My question is about conditional test in trial division. There seems to be some discussion about which conditional tests to use. Let's look at the code for this from RosettaCode .
int is_prime(unsigned int n) { unsigned int p; if (!(n & 1) || n < 2 ) return n == 2; for (p = 3; p <= n/p; p += 2) if (!(n % p)) return 0; return 1; }
Wheel factorization or using a given list of primes will not change the essence of my question.
There are three cases that I can think of to do a conditional test:
- p <= p / p
- p * p <= n
- int cut = sqrt (n); for (p = 3; p <= cut; p + = 2)
Case 1: it works for all n, but it must do an additional split for each iteration ( edit: in fact it does not require additional division, but it is still slower). I do not know why. See assembly output below) . I found that it is twice as slow as in case 2 with large values โโof n, which are the main ones (on my Sandy Bridge system).
Case 2: significantly faster than case 1, but has the problem that it overflows for large n and goes into the infinitive loop. The maximum value that can handle is
(sqrt(n) + c)^2 = INT_MAX //solve n = INT_MAX -2*c*sqrt(INT_MAX) + c^2 //INT_MAX = 2^32 -> n = 2^32 - c*s^17 + c^2; in our case c = 2
For example, for uint64_t, case 2 will go into an infinite loop for x = -1L-58 (x ^ 64-59), which is simple.

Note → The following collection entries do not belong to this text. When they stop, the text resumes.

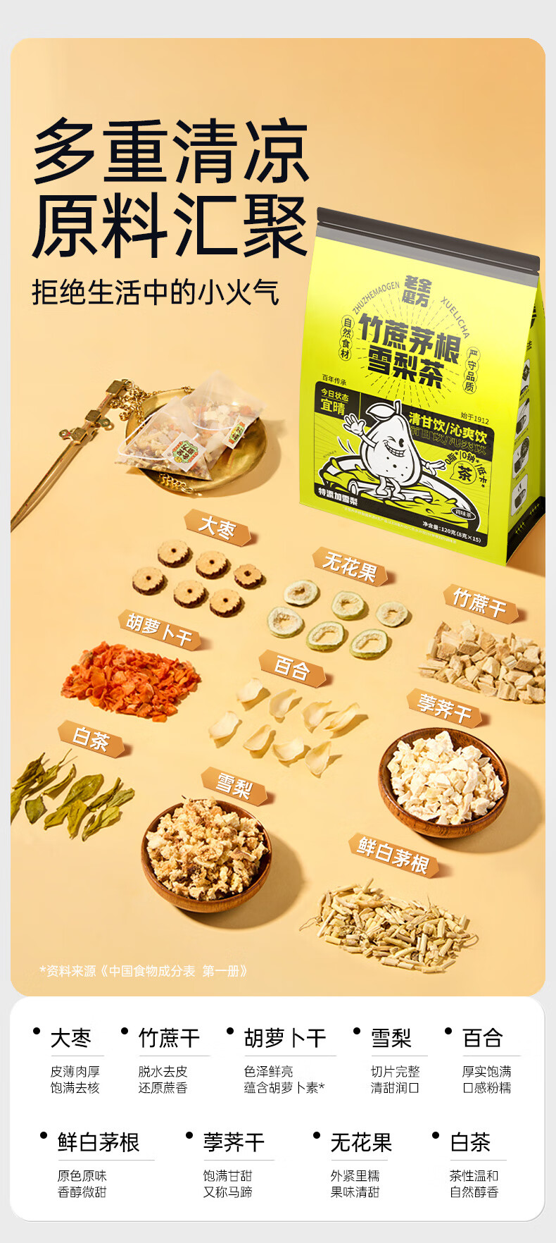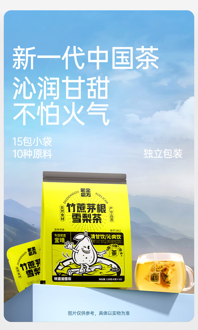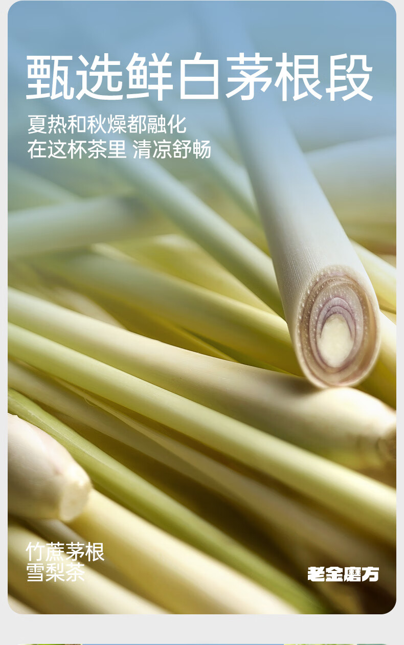 老金磨方竹蔗茅根雪梨茶15袋装药食同源冷热双享祛湿茶广式凉茶清润汤料水果养生120g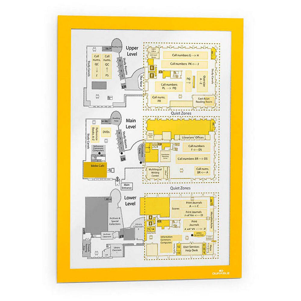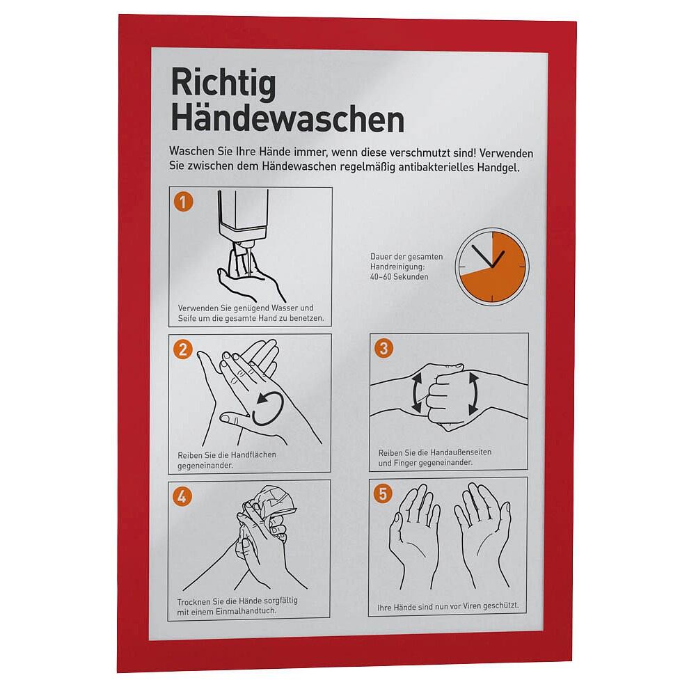 Mit dem DURAFRAME kannst du Informationsblätter spielend leicht einlegen und bei Bedarf wieder austauschen. Dies macht ihn zu einem flexiblen Hilfsmittel, das sich ideal für wechselnde Informationen eignet. Die selbstklebende Rückseite sorgt dafür, dass der Rahmen auf jeder glatten Oberfläche problemlos angebracht werden kann. Egal ob an Wänden, Türen oder Fenstern – die Anbringung ist schnell und unkompliziert.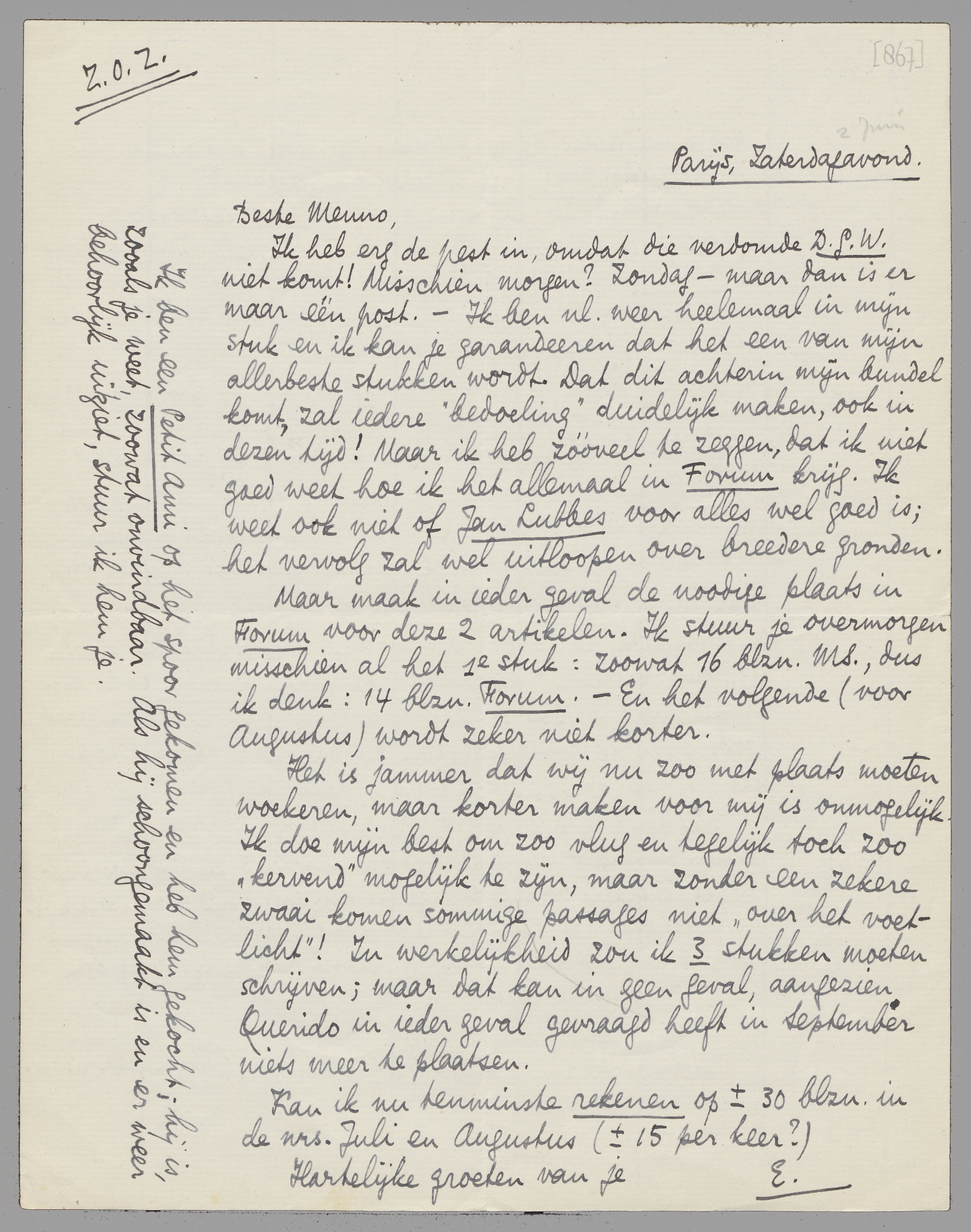 Het is jammer dat wij nu zoo met plaats moeten woekeren, maar korter maken voor mij is onmogelijk. Ik doe mijn best om zoo vlug en tegelijk toch zoo ‘kervend’ mogelijk te zijn, maar zonder een zekere zwaai komen sommige passages niet ‘over het voetlicht’! In werkelijkheid zou ik 3 stukken moeten schrijven; maar dat kan in geen geval, aangezien Querido in ieder geval gevraagd heeft in September niets meer te plaatsen.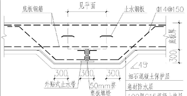 ④ 超前止水伸缩缝下加500宽防水附加层[Picture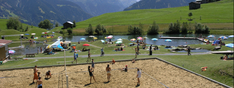 The bathing lake has a recreation area with sunbathing areas, barbecue areas, a slack line and a beach volleyball court. For the little guests there is a sandpit and a dog pool for the four-legged friends. In the Seecafé you can rent umbrellas, deckchairs, towels and volleyballs. Events such as the annual Val Lumnezia cinema festival often take place at the complex. Also private celebrations can be held here.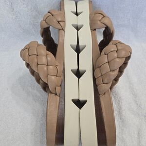 Stylish braided design. Comfortable platform sole. Women's size 9.5. They are in good pre-owned condition with light/average wear.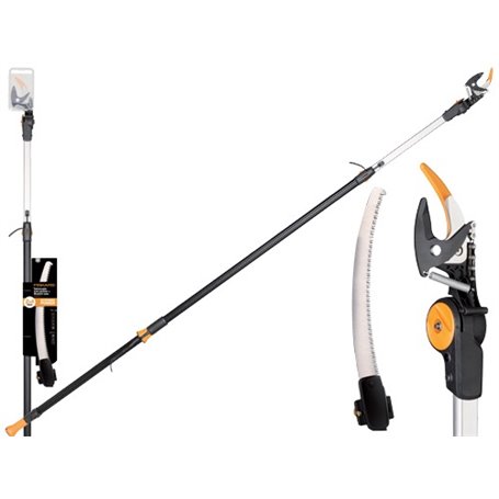 Svettatoio: Lama in acciaio bypass fino a Ø32 mm. per taglio di legno verde. Manico estensibile da 2,4 a 4 mt. per raggiungere max 6 mt. altezza lavoro. Angolo di taglio regolabile di 230°, comodo sistema di bloccaggio. Supporto della lama arancione per

Case 3: no division or multiplication should be performed at each iteration, and it does not overflow, as in case 2. This is slightly faster than case 2. The only question is that sqrt (n) is accurate enough .
Can someone explain to me why case 2 is much faster than case 1? Case 1 does NOT use additional separation, although I, although in spite of this, am still much slower.
Here are the times for a simple 2 ^ 56-5;
case 1 9.0s case 2 4.6s case 3 4.5s
Here is the code I used to test this http://coliru.stacked-crooked.com/a/69497863a97d8953 . I also added features to the end of this question.
Here is the assembly form of GCC 4.8 with -O3 for case 1 and case 2. They both have only one division. Case 2 also has multiplication, so I assume Case 2 will be slower, but it is about twice as fast on both GCC and MSVC. I do not know why.
Case 1:
.L5: testl %edx, %edx je .L8 .L4: addl $2, %ecx xorl %edx, %edx movl %edi, %eax divl %ecx cmpl %ecx, %eax jae .L5
Case 2:
.L20: xorl %edx, %edx movl %edi, %eax divl %ecx testl %edx, %edx je .L23 .L19: addl $2, %ecx movl %ecx, %eax imull %ecx, %eax cmpl %eax, %edi jae .L20
Here are the functions that I use to check the time:
int is_prime(uint64_t n) { uint64_t p; if (!(n & 1) || n < 2 ) return n == 2; for (p = 3; p <= n/p; p += 2) if (!(n % p)) return 0; return 1; } int is_prime2(uint64_t n) { uint64_t p; if (!(n & 1) || n < 2 ) return n == 2; for (p = 3; p*p <= n; p += 2) if (!(n % p)) return 0; return 1; } int is_prime3(uint64_t n) { uint64_t p; if (!(n & 1) || n < 2 ) return n == 2; uint32_t cut = sqrt(n); for (p = 3; p <= cut; p += 2) if (!(n % p)) return 0; return 1; }
Added content after the award.
Aean found that in the case where the storage of both the private and the remainder is as fast (or slightly faster) than case 2. Let me call this case 4. The following code is twice as fast as in case 1.
int is_prime4(uint64_t n) { uint64_t p, q, r; if (!(n & 1) || n < 2 ) return n == 2; for (p = 3, q=n/p, r=n%p; p <= q; p += 2, q = n/p, r=n%p) if (!r) return 0; return 1; }
I'm not sure why this helps. In any case, there is no need to use case 2. For case 3, most versions of the sqrt function in the hardware or software receive ideal squares, so they are safe for use in general. Case 3 is the only case that will work with OpenMP.